Defining Immersive Technologies:
What You Need to Know
Immersive technologies refer to virtual environments that create a sense of reality but do not actually exist in a tangible space. Also known as extended reality (XR), Immersive technology is made up of Augmented reality (AR), mixed reality (MR), and virtual reality (VR) experiences. XR technology requires powerful computing to operate, and Symmetry Electronics has everything developers need to provide users with a comprehensive VR system
What is Virtual Reality?
In a VR experience, users can see, hear, and interact with virtual technology. While VR does not allow users to physically touch, VR creates a feeling of physically being within the experience. There are four main types of VR technology.
Fully Immersive Virtual Reality
Fully immersive VR is the most encompassing virtual experience. Users are made to feel like they are physically transported into the virtual environment. Fully immersive experiences process data that is collected through sensor-embedded body connectors, helmets, and gloves. Fully immersive VR can be used in gaming zones where users can move their body to interact with the gaming environment.
Non-Immersive Virtual Reality
In comparison to a fully immersive virtual experience, non-immersive VR doesn’t directly interact with its user. Users can control characters or activities but are not the center of the environment. Most gaming consoles provide non-immersive experiences.
Semi-Immersive Virtual Reality
Semi-immersive VR is a blend of fully immersive and non-immersive virtual environments. Semi-immersive virtual experiences include a 3D space or room where users can move around through a VR box, headset, or computer but not through actual physical activity. As the most commonly used VR experience, semi-immersive VR creates realistic surroundings that can be device or web-based. Semi-immersive VR is used in hotels, real estate offices, restaurants, venues, schools, and more to provide 3D virtual tours to promote locations.
Collaborative Virtual Reality
A collaborative VR experience provides a common space for users from different locations to interact in 3D or character form through chatting, headsets, and microphones.

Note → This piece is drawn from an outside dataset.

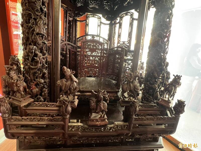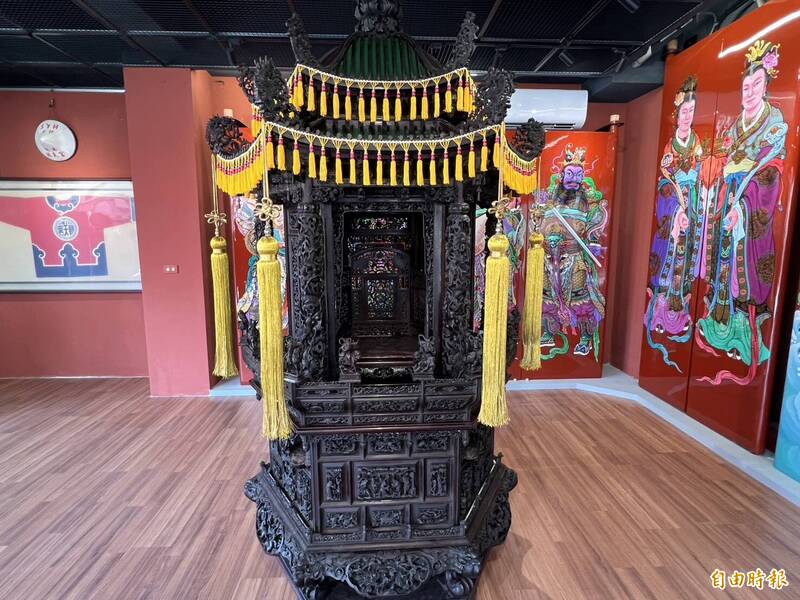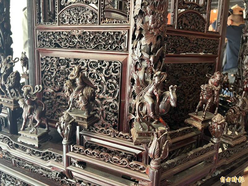 朝天宮第1代祖媽轎,1912年完工,是全國第一座六角神轎,雕工細緻。(記者黃淑莉攝)
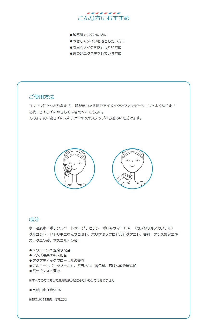 ユリアージュ温泉水*10%配合。ふき取りタイプのメイク落としです。

Figure 1: Mixed Reality Spectrum
What is Augmented Reality?
Often debated as its own unique type of technology in the VR community, augmented reality differs from other types of VR (Figure 1) in that it interacts with real-world environments. Augmented reality is capable of viewing the space around a user to project a virtual entity into it. While the entity is not physically present, users can interact with it through the device that is projecting the entity.
Marker Based Augmented Reality
Marker-based AR requires a visual marker, like a QR code, to operate. Apps like Snapchat use this type of AR to help users add to their contacts.

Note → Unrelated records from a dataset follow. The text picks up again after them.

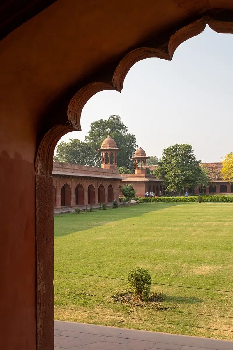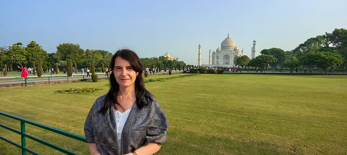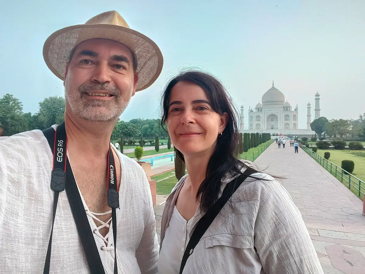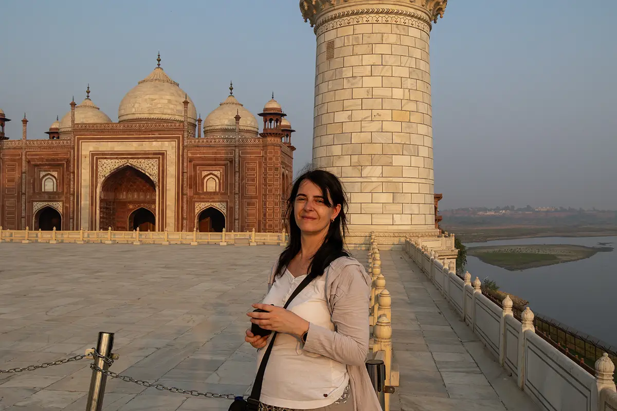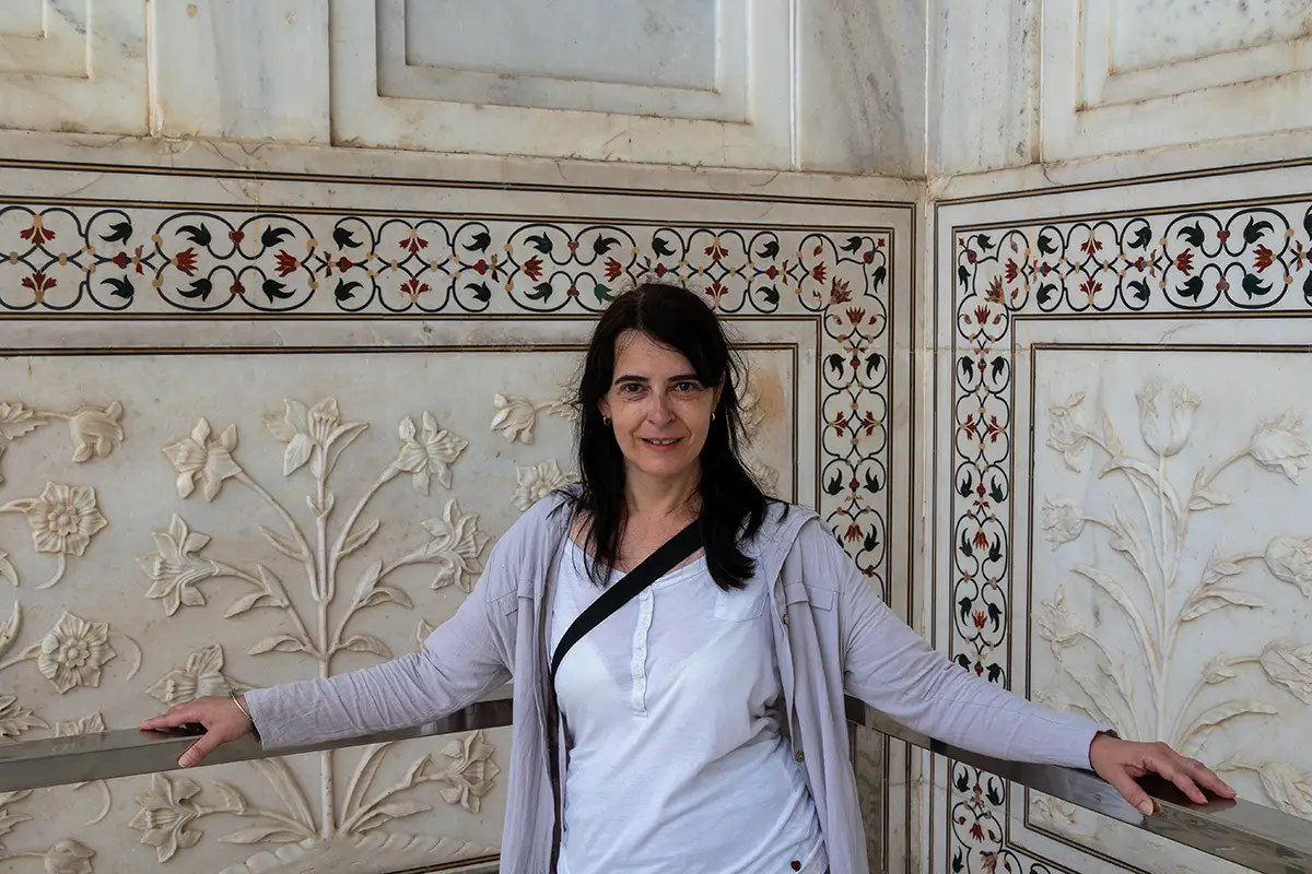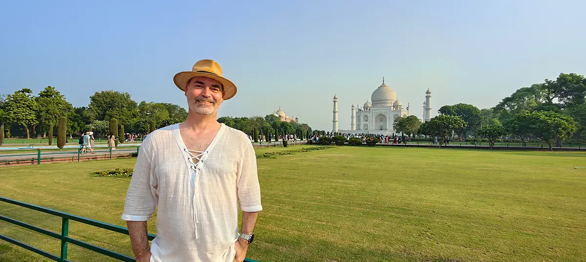 Das Mausoleum besteht aus weißem Marmor, der aus Makrana in Rajasthan stammt, und ist für seine detaillierten Verzierungen und edlen Materialien berühmt. Der zentrale Teil des Taj Mahal ist die große Kuppel, die von vier eleganten Minaretten umgeben ist, und der Bau ist symmetrisch angelegt. Der gesamte Komplex umfasst weitläufige Gärten, ein Wasserbecken, das das Mausoleum spiegelt, und ein prächtiges Tor. Besonders faszinierend sind die filigranen Marmorarbeiten und die Verwendung von Edelsteinen, die das Bauwerk schmücken.
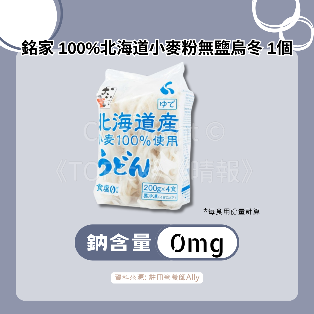 在零鹽烏冬中,Ally推薦最好味的1款「銘家 100%北海道小麥粉無鹽烏冬」;另外,「TOPVALU讃岐烏冬」同樣好味,每個(110g)含鈉213毫克,可以間中淺嘗。
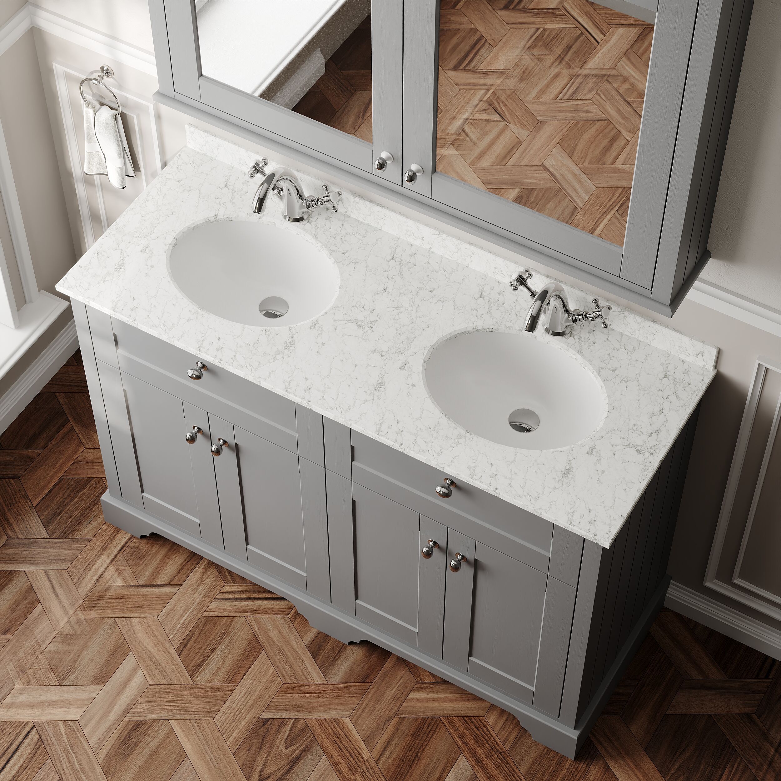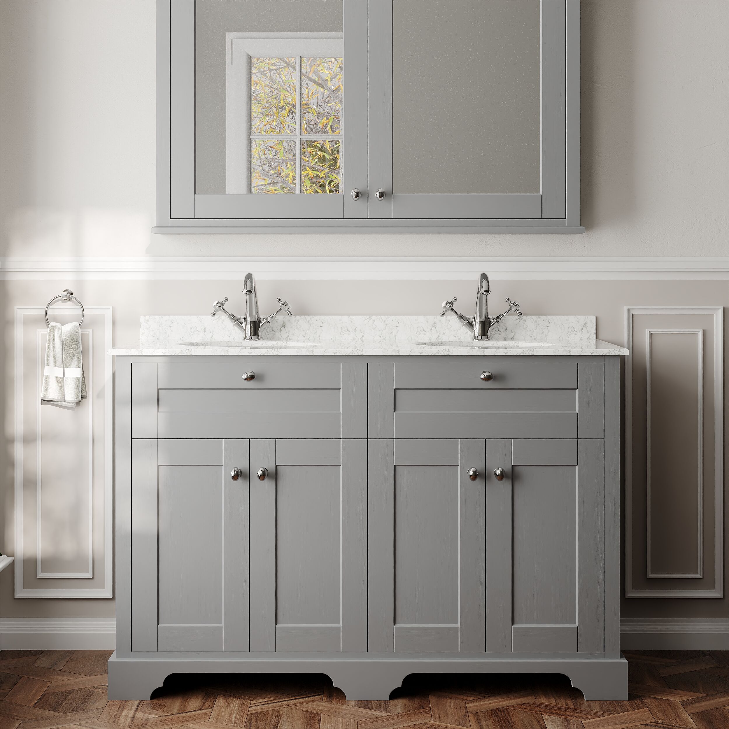 Hudson Reed Old London 1220mm Storm Grey Floor Standing Vanity Unit with Grey Marble Top Double Basin
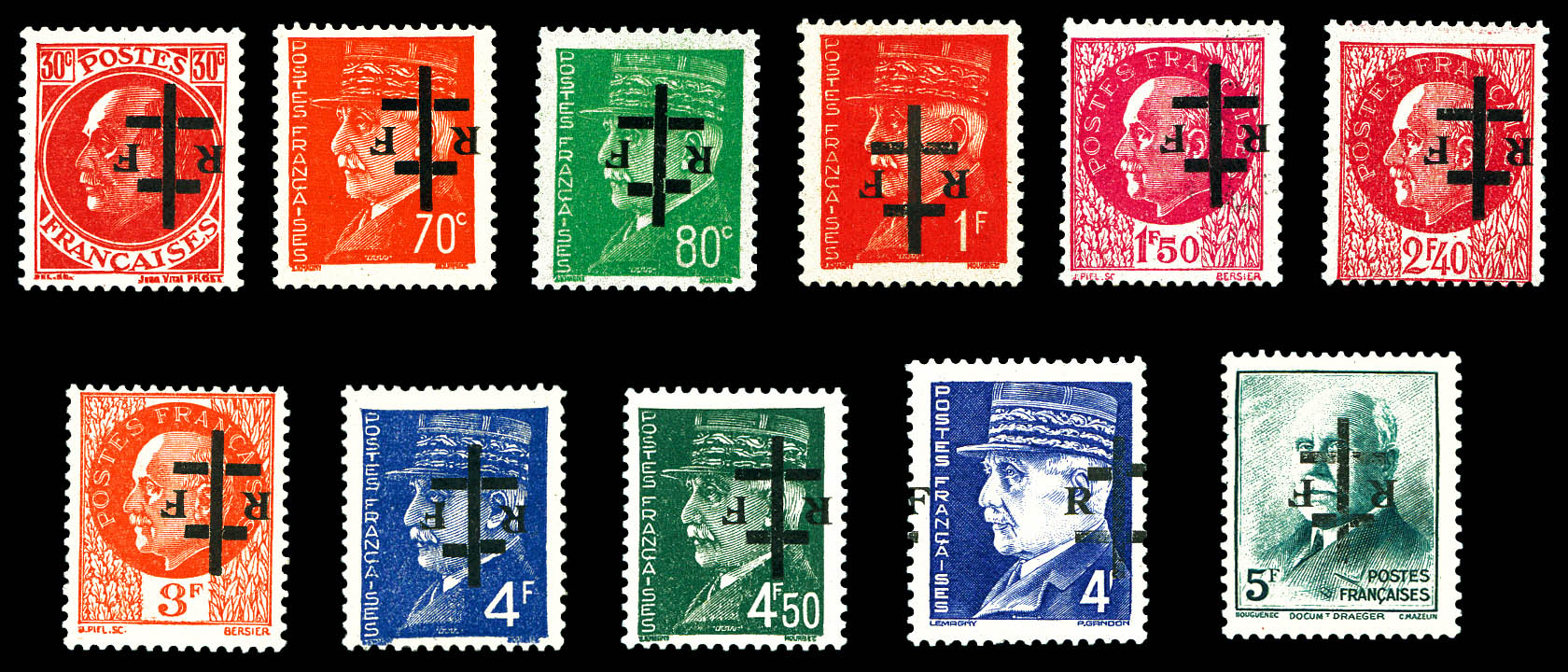 LA CHARITE SUR LOIRE: Surcharges renversées sur N°1, 5, 7, 9, 12, 14, 16, 17, 18, 19 et 21 , les 11 exemplaires TB (certificat)

Markerless Augmented Reality
Markerless AR utilizes GPS, digital compasses, velocity meters, and accelerometers to operate. Apps like Google Maps run off of this type of AR.
Projection Based Augmented Reality
Projection-based AR utilizes artificial light to operate. Light can be in the form of lasers, mirrors, or cameras to create a projection with which users can interact.
What is Mixed Reality?
While mixed reality (MR) sounds similar to AR, MR allows users to blend real and virtual elements. In comparison to AR and VR (Figure 2), MR allows users to further integrate elements of the real-world and virtual space. In an MR experience, users can react with 3D entities the same way they would in the real-world. As the newest form of immersive technology, companies are working to adopt MR experiences. It’s thought that MR technology can modernize design, modeling, and prototyping in a virtual environment.
Figure 2: Comparison of virtual reality, augmented reality, and mixed reality.
Source: Trimble SiteVision
The Future of Immersive Technologies:
The future of immersive technologies is bright. Marketwatch reported that “The Global Immersive Technologies Market is expected to grow at a significant CAGR of 38% by 2028.” Besides gaming and decorating, extended realities have can serve to benefit companies and societies in altruistic ways:
- Healthcare – XR experiences can enhance surgical simulations
- Virtual travel – XR technology can bring remote destinations to a user’s living room. Virtual travel will for more integration of culture, art, and understanding into society.
- Military and Defense – Like healthcare, XR technology in military and defense industries can help save lives by enhancing training simulations.